1954 entlassen, wurde er erst 1956 rehabilitiert und durfte ab 1959 wieder publizieren. Er traf nach 14 Jahren Trennung seine Frau wieder, und die beiden wurden erneut ein Paar – obgleich sie sich in der Zwischenzeit hatte scheiden lassen, da Jacquemien als Volksfeind galt. Ihrer gemeinsamen Tochter hat Jacquemien es zu verdanken, dass ihm ein Privileg zuteilwurde, eine zeitlang in Kaliningrad zu leben. Oft als Indiz für eine freundschaftlich gesinnte Kooperation mit der Sowjetmacht gedeutet, scheint diese Schlussfolgerung falsch zu sein. Als gelernter Schiffsbauerin war der Tochter einfach eine Arbeit in Kaliningrad zugewiesen worden.

Von 1966 bis 1970 arbeitete er in Zelinograd bei der deutschsprachigen Zeitung „Freundschaft“‘ und leistete in dieser Funktion wertvolle Dienste, da er als in Deutschland Geborener seine russlanddeutschen Kollegen in vielen sprachlichen Fragen beraten konnte, denn diese beherrschten ihre Muttersprache oft nur noch mangelhaft oder in Dialektform. Die heutige Existenz der DAZ ist auch seiner damaligen Hilfestellung zu verdanken. In den 60ern wurde Jacquemien als Mitglied in den sowjetischen Schriftstellerverband aufgenommen – als einer von insgesamt 20 Deutschstämmigen. 1970 siedelte er als Rentner erneut nach Kaliningrad über. Die Angebote, Mitglied in der Kommunistischen Partei der SU zu werden, lehnte er aber immer ab. Verinnerlicht man sich seine Biographie, so ist es ungefähr vorstellbar, wie enttäuscht dieser Mensch von dem Regime gewesen sein muss, dem er fast sein ganzes Leben geopfert hat.

Dieser turbulente Lebensweg findet Niederschlag in der literarischen Produktion des Autors. Sein Themenspektrum ist im Vergleich mit anderen russlanddeutschen Autoren viel weiter gestreut.
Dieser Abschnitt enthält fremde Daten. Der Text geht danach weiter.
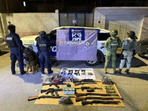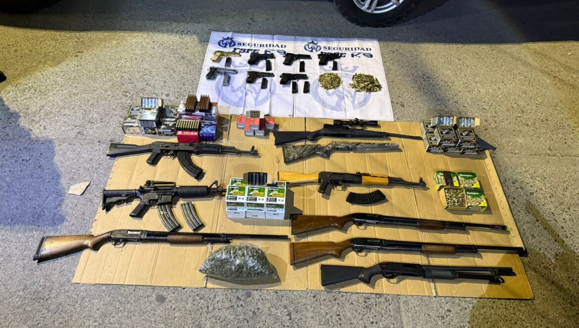 Salamanca, Gto. (8/1/2026).- Durante un operativo preventivo en una empresa de paquetería en Salamanca se aseguró armamento, municiones y presunta droga, entre ellos 15 armas que no llegarán a las calles de Guanajuato.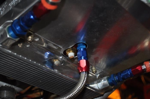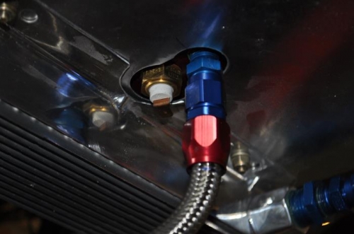 To fit I had to remove the oil cooler and cut the baffle as well as the leading edge of the cooler to clearance the hole for the temp sender. After checking the fit a few times I finally got it where it needed to be. A bit unnerving cutting into the flange of the cooler, but there is lots of space there to do it.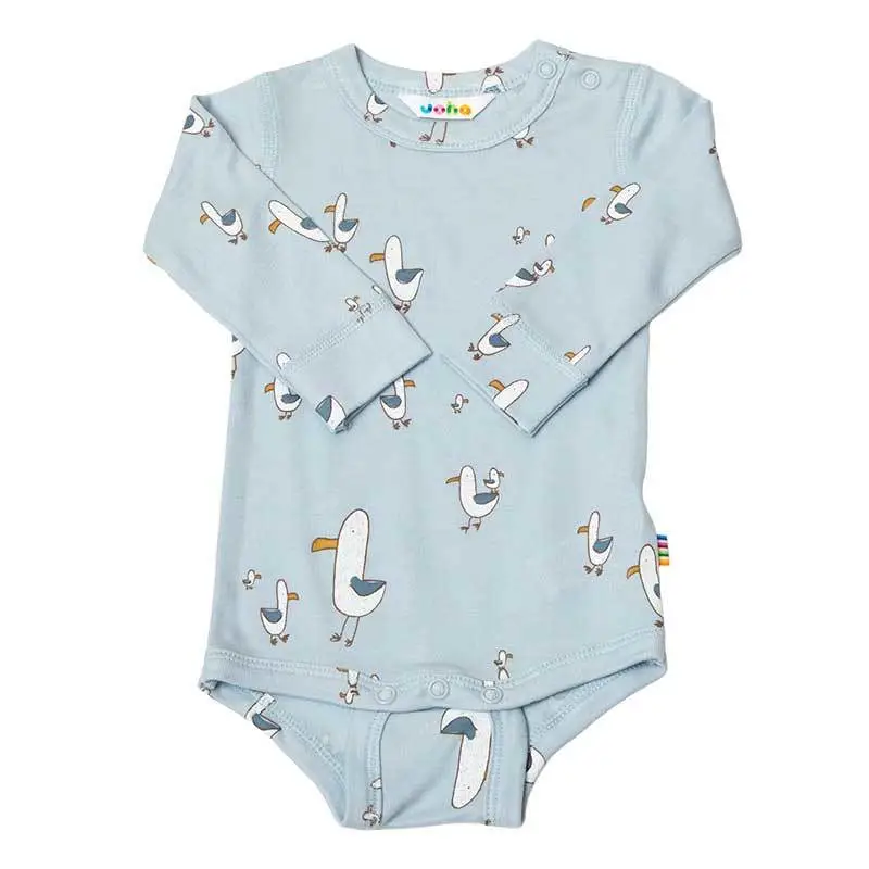 Langærmet body i lyseblå smørblød bambus med print af måge er lavet af 100% Økologisk Bambus og i farven Blå AOP. Vi fører et kæmpe udvalg af JOHA. Følgende størrelser er på lager (). Du får FRI FRAGT allerede fra 349,- hos Ugleunger når du handler Body lang ærme fra Joha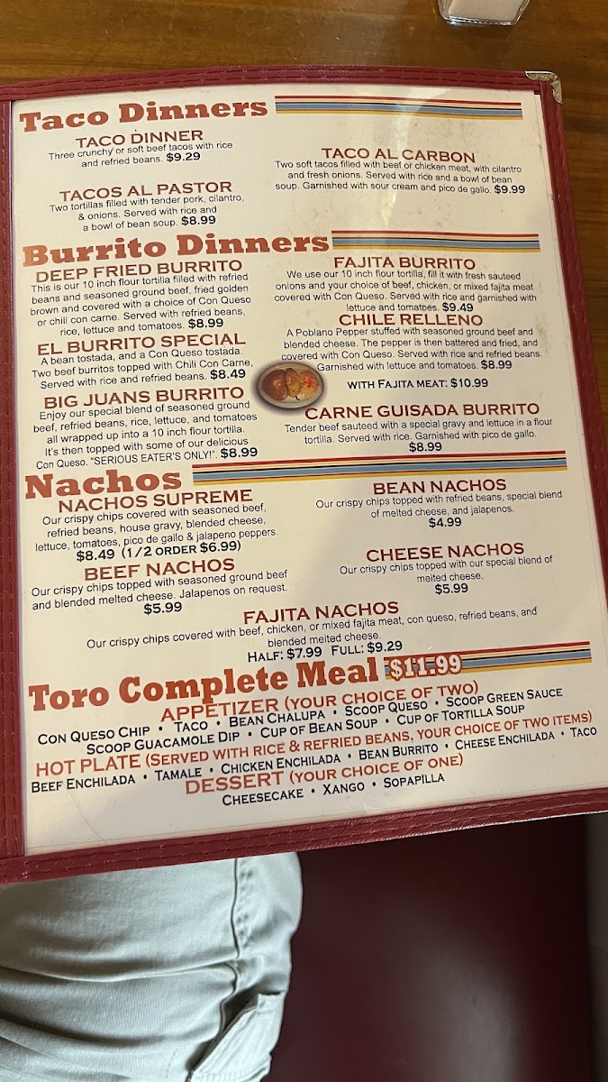 The real stars here are the well-crafted burritos, tacos, and traditional dishes like Al Pastor and Carne Guisada, praised by diners for authenticity and freshness. Don't miss the tempting basket of warm sopapillas or the unique Toro Dessert to round off your visit on a sweet note. With fast service, reasonable prices, and heartfelt hospitality, Señor Toros delivers an inviting, no-fuss dining experience that captures the spirit of Tex-Mex cuisine perfectly.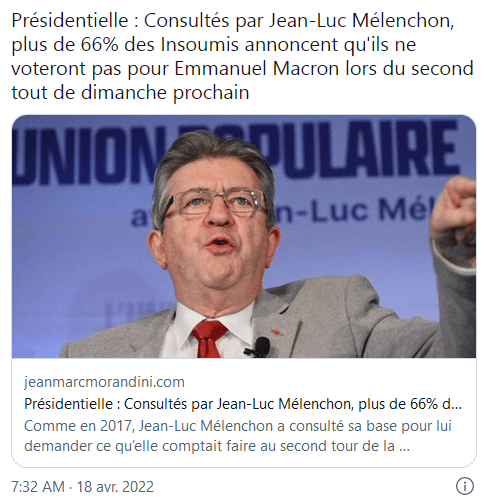 Ce score serait le résultat de la consultation de Mélenchon auprès de son électorat qui semble ne pas vouloir signer un chèque en blanc au président sortant … Rappelons que plus de 70% des électeurs ont désavoué Macron !   S’il était réélu,  la France devrait faire face à de nombreux mouvements sociaux et des contestations musclées….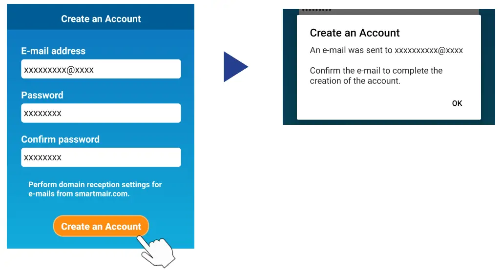 - The “Create an Account” screen appears. Enter your e-mail address and password Tap the [Create an Account] button. The pop-up message “Create an Account” appears, to confirm tap [OK].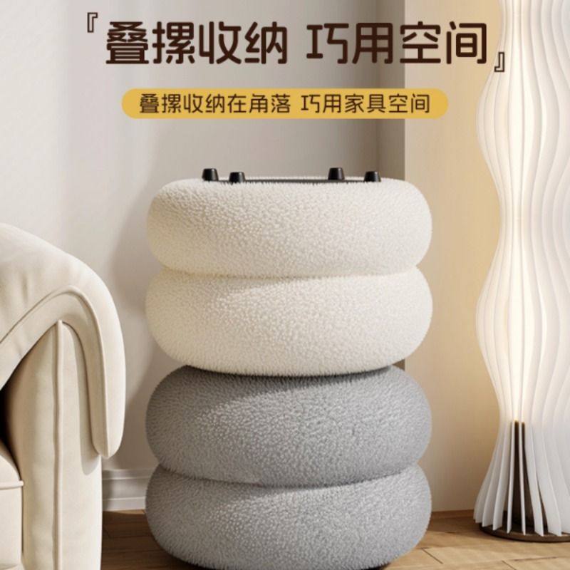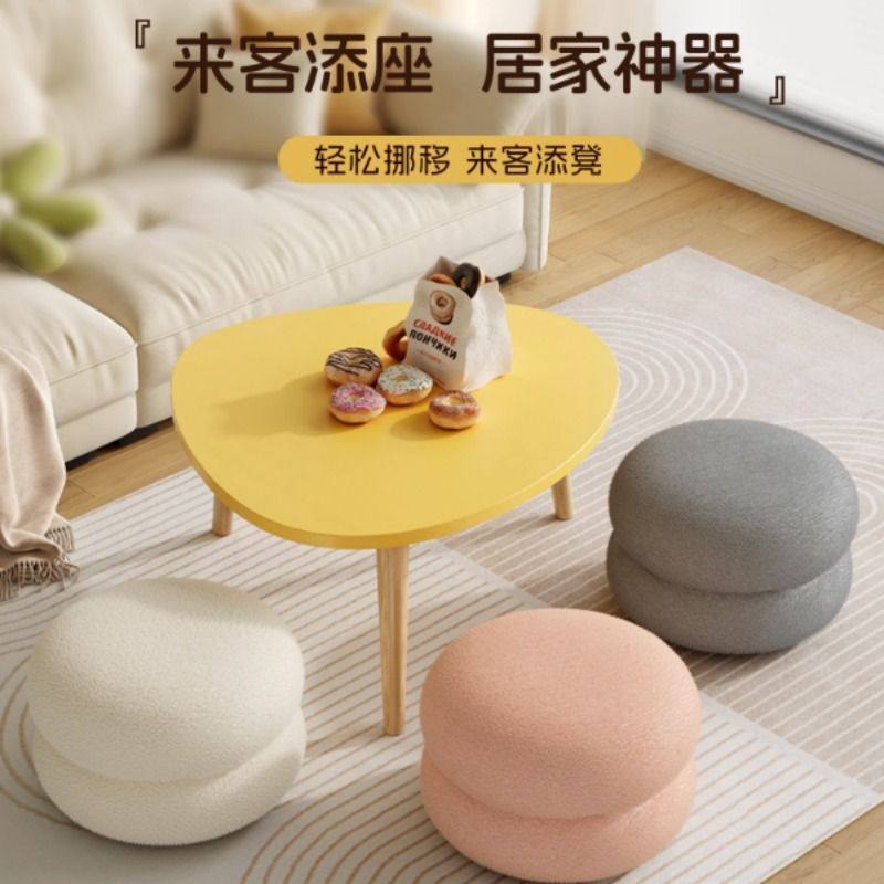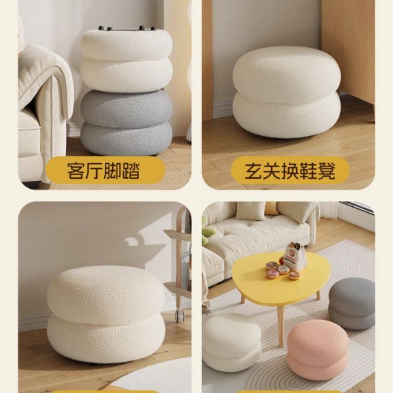 客厅小凳子羊羔绒板凳家用圆凳儿童沙发凳矮凳坐墩换鞋凳萌趣奶油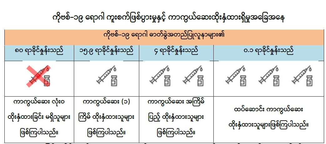 သို့ဖြစ်ပါ၍ မြန်မာနိုင်ငံတွင် ကိုဗစ်-၁၉ ရောဂါ ကာကွယ်ဆေးထိုးနှံမှုနှင့် ကိုဗစ်-၁၉ ရောဂါ ကူးစက်ဖြစ်ပွား/ သေဆုံးမှုတို့ကို လေ့လာသုံးသပ်ချက်အရ ကာကွယ်ဆေးထိုးနှံထားသူများတွင် ကိုဗစ်-၁၉ ရောဂါ ဖြစ်ပွားမှုနှင့် သေဆုံးမှုကို လျှော့ချနိုင်ပြီး ထပ်ဆောင်းကာကွယ်ဆေး ထိုးနှံခြင်း ဖြင့်လည်း ရောဂါဖြစ်ပွားမှုနှင့် သေဆုံးမှုကို လျှော့ချနိုင်ကြောင်းကို တွေ့ရှိရသည်ဖြစ်ရာ မိဘပြည်သူ များအနေဖြင့် ကိုဗစ်-၁၉ ရောဂါ ကာကွယ်ရေးစည်းမျဉ်းစည်းကမ်းများကို တိကျစွာ လိုက်နာခြင်း၊ ပါးစပ်နှင့်နှာခေါင်းစည်း (Mask) ကို စနစ်တကျတပ်ဆင်ခြင်းနှင့် နီးစပ်ရာ ကျန်းမာရေးဌာနများ၊ ကျေးရွာ/ရပ်ကွက် အုပ်ချုပ်ရေးမှူးရုံးများနှင့်ဆက်သွယ်၍ ကိုဗစ်-၁၉ ရောဂါ ကာကွယ်ဆေး ထိုးနှံမှု နှင့် ထပ်ဆောင်းကာကွယ်ဆေးများ ထိုးနှံခြင်းတို့ကို မပျက်မကွက် ဆောင်ရွက်ကြပါရန် အသိပေး နှိုးဆော်အပ်ပါသည်။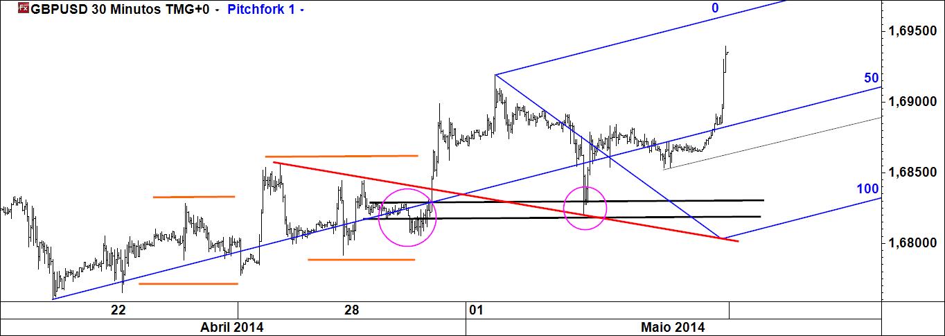 um "expanding pivots" de Andrews em desenvolvimento no eurusd 30 m?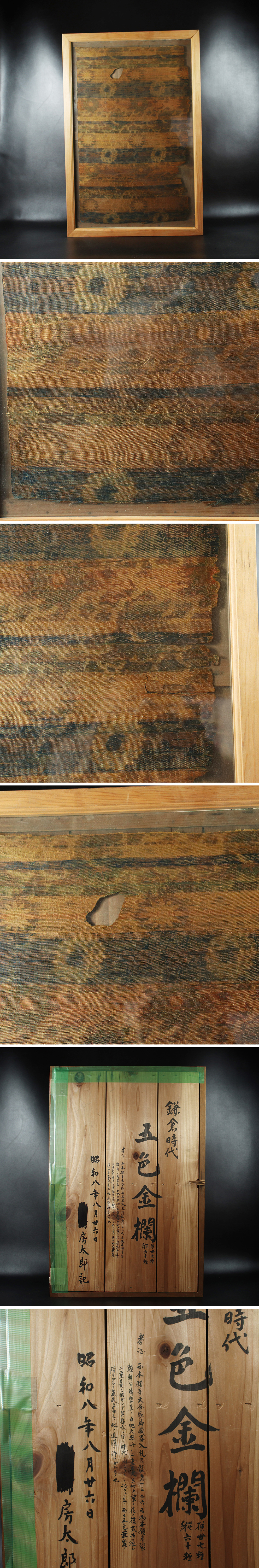 また経緯の組織の明瞭さ、金糸の撚り・据え方から見ても鎌倉期宋元系金襴の典型であり、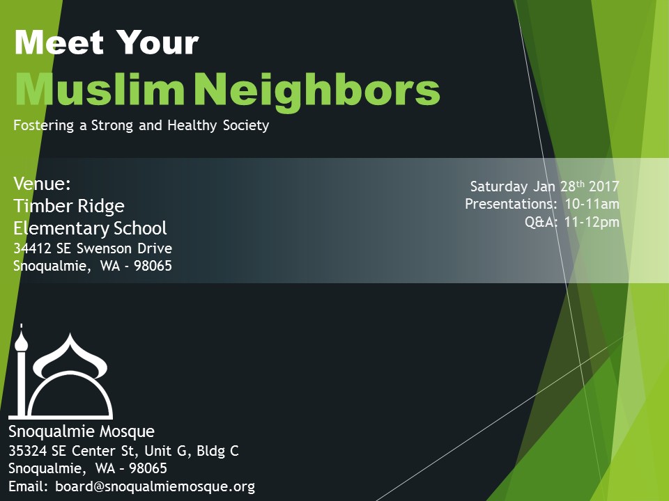 Many attendees requested the Snoqualmie Mosque bring the event back this year, but to a bigger venue. So the 2017 ‘Meet Your Muslim Neighbor’ event will be held at Timber Ridge Elementary, 34412 SE Swenson Drive, on Saturday, January 28th from 10AM – 12PM.

Der Fakt, dass viele seiner Veröffentlichungen schon zu Zeiten der Sowjetunion ins Russische übersetzt wurden, zeugt davon, dass er einem größeren, nicht ausschließlich sowjetdeutschen Leserkreis vertraut gewesen sein mag. Als einziger Autor mit deutschem Hintergrund wendet er sich dem in der UdSSR sehr populären Genre der wissenschaftlichen Phantastik zu, namentlich mit der Erzählung „Ronak, der letzte Marsianer“, die eine dystopische Szenerie eines von atomarer Verwüstung heimgesuchten Planeten entwirft. Auch stilistisch war er seinen Kollegen durch die vollkommene und gewandte Beherrschung seiner Muttersprache überlegen. Die typisch russlanddeutsche Thematik von Flucht und Vertreibung, und der nie enden wollende Identitätskonflikt kommen in seinen Werken nur selten vor, wie zum Beispiel in dem 1988 erschienen Gedicht „Gemeinsamkeit der Völkerfreundschaft“, in dem er sich auch für die Wiederherstellung der Wolgaautonomie ausspricht: „Gemeinsam haben wir die Last getragen, / die unverdiente Schuld, das „Feinde“-sein, / geächtet und beschimpft, doch ohne Klagen, die Deutschen von der Wolga, der vom Rhein. // Gemeinsam wollen wir, daß unsere Sprache / den fernsten Nachkommen erhalten bleibt, / daß sie nicht wird zur ungenutzten Brache und nichts sie je aus Herz und Sinn vertreibt.“

Rudolf Jacquemien starb 1992 in Kaliningrad, kann aber für die russlanddeutsche Literatur als einer der kreativsten Köpfe gelten.